La risposta è negativa.


Normalmente, gli effetti della sentenza retroagiscono al momento della domanda se a tale momento esistevano le condizioni richieste per l’emanazione del provvedimento  .

Chiedo qualcosa, se ottengo vittoria, gli effetti della pronuncia decorrono da quando ho proposto la mia domanda, altrimenti il decorso del tempo mi pregiudicherebbe.


La giurisprudenza tuttavia, a più riprese, si è pronunciata nell’attenuare la retroattività della sentenza nei processi di separazione e divorzio.

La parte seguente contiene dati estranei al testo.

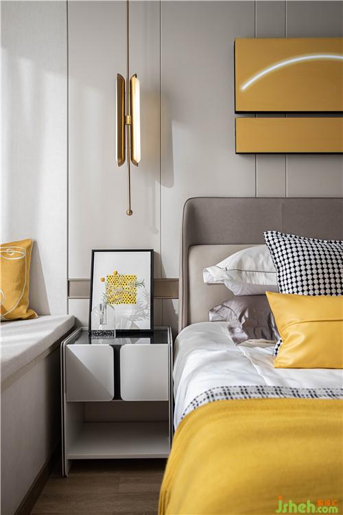 單純的色彩才能喚起最強烈的心靈感受力。在主臥空間,選取明黃色點綴,極具線條性藝術(shù)感的背景墻,時尚簡潔而不簡單的都市優(yōu)雅的氣息彌漫。體現(xiàn)居室主人精致不俗的審美品位,凝構(gòu)空間優(yōu)雅浪漫的生活情調(diào)。

Il motivo è dettato dalla natura alimentare degli importi corrisposti a tale titolo, che la legge considera irripetibili, non pignorabili e non compensabili con altri crediti vantati da chi debba versarli.

 


La conseguenza: il provvedimento finale è retroattivo ma … la parte che abbia già ricevuto, per ogni singolo periodo, le prestazioni previste dalla sentenza di separazione non può essere costretta a restituirle, nè può vedersi opporre in compensazione, per qualsivoglia ragione di credito, quanto ricevuto a tale titolo, mentre ove il soggetto obbligato non abbia ancora corrisposto, per tutti i periodi pregressi, tali prestazioni, non più dovute in base alla sentenza di modificazione delle condizioni di separazione, non sarà più tenuto a corrisponderle, con la conseguenza che contro di lui non potrà agirsi esecutivamente.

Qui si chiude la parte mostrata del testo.